Trotz dieser fast ausweglosen Situation ist die Baywa nicht am Ende. Denn die genossenschaftlichen Hauptaktionäre in Bayern und Österreich sind offenbar fest entschlossen, den hochverschuldeten Handelskonzern zu retten. Die ­Bayerische Raiffeisen-Beteiligungs-AG (BRB) hält etwa 34 % an der Baywa. Die Raiffeisen Agrar Invest AG aus Österreich 28 %. Hinter ihr steht unter anderem der Lagerhauskonzern Raiffeisen Ware Aus­tria AG (RWA).

Die beiden Haupteigentümer der Baywa haben sich offenbar mit wich­tigen kreditgebenden Banken auf eine Lösung geeinigt. Dabei geht es um eine Finanzspritze von 400 Mio. €. Davon sollen 200 Mio. € die Banken in Form weiterer Kredite beisteuern und 200 Mio. € die Eigentümer, u. a. durch die Aufstockung des Eigenkapitals.
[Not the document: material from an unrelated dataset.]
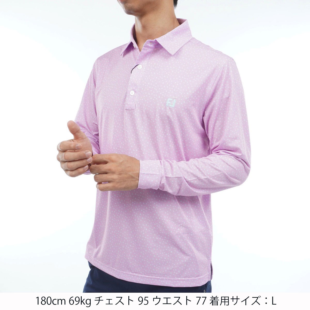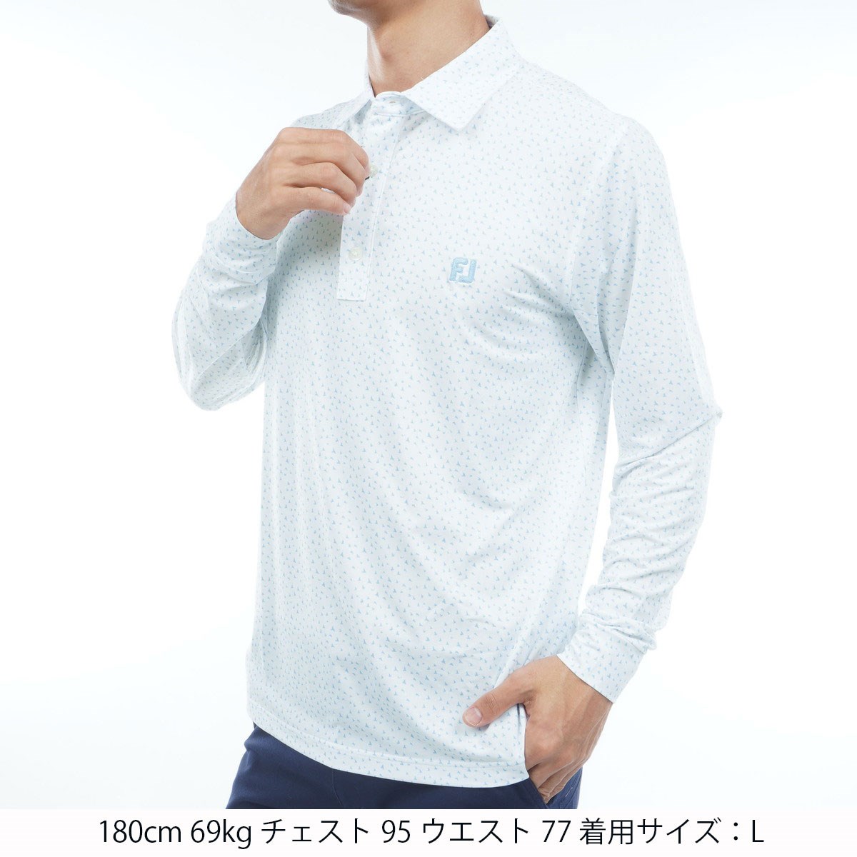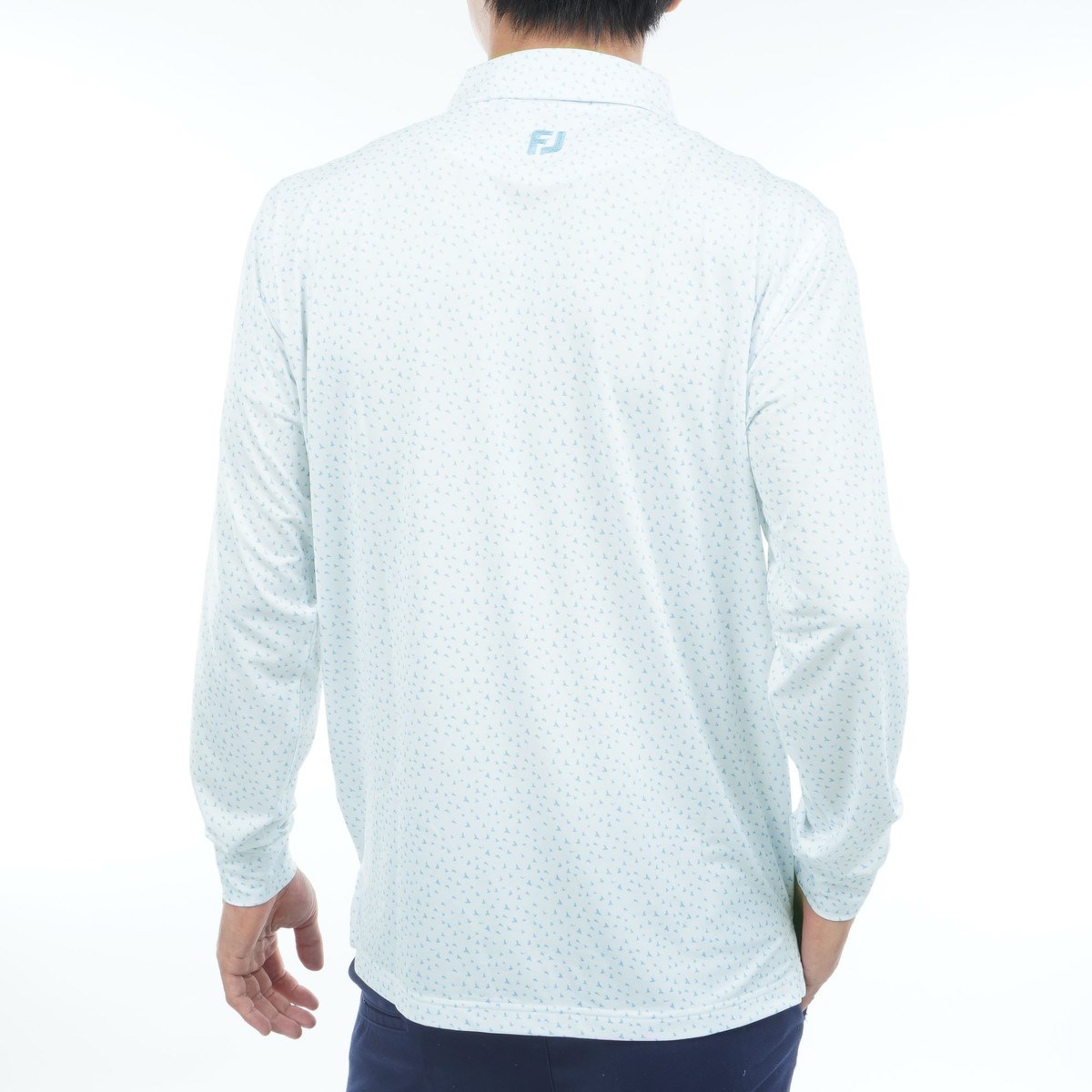 フットジョイ Foot Joy ストレッチ バードプリント長袖ポロシャツ L ホワイト/エアブルー

Eine Schlüsselrolle nimmt dabei die BRB ein. Sie verwaltet als Holding der bayerischen Genossenschaftsbanken wichtige Beteiligungen. So hat die BRB auch Anteile an der DZ Bank, an der R+V-Versicherung und an der Münchner Hypothekenbank eG. An der BRB wiederum ist neben den bayerischen Genossenschaftsbanken auch die Baywa AG selbst beteiligt.

Im Rahmen des Rettungsdeals soll die Baywa AG ihre Anteile an der BRB, die mehr als 100 Mio. € wert sein sollen verkaufen. Dieses Geld würde dann der Baywa als Eigenkapital zur Verfügung stehen. Weitere 15 Mio. € soll die österreichische Agrar Invest als zweiter Baywa-Großaktionär zugesagt haben. Die restliche Summe zu den fehlenden 200 Mio. € sollen bayerische Volks- und Raiffeisenbanken direkt einbringen. Diese Einzeldarlehen sollen später zu Eigenkapital der Baywa umgewandelt werden, z. B. in Form von Anteilen der BRB an der Baywa.

Wie geht es weiter?

Sollte die Baywa diese Kapitalspritze von 400 Mio. € erhalten, wäre zumindest kurzfristig ihr Fortbestand gesichert. Wie es langfristig mit der Baywa weitergeht, hängt vom Ergebnis des ­Sanierungsgutachtens ab, das bis Mitte September fertiggestellt sein soll. Diskutiert wird offenbar der Verkauf der Mehrheitsbeteiligung an der Baywa r.e., was aktuell aber nur zu wenig lukrativen Konditionen möglich sein soll.

Offen ist, ob die Baywa die interna­tionalen Töchter Cefetra sowie Turners und Growers behalten kann. Müsste sie diese abgeben, würde die Baywa wieder zu einem nationalen Agrar- und Baustoffhändler schrumpfen.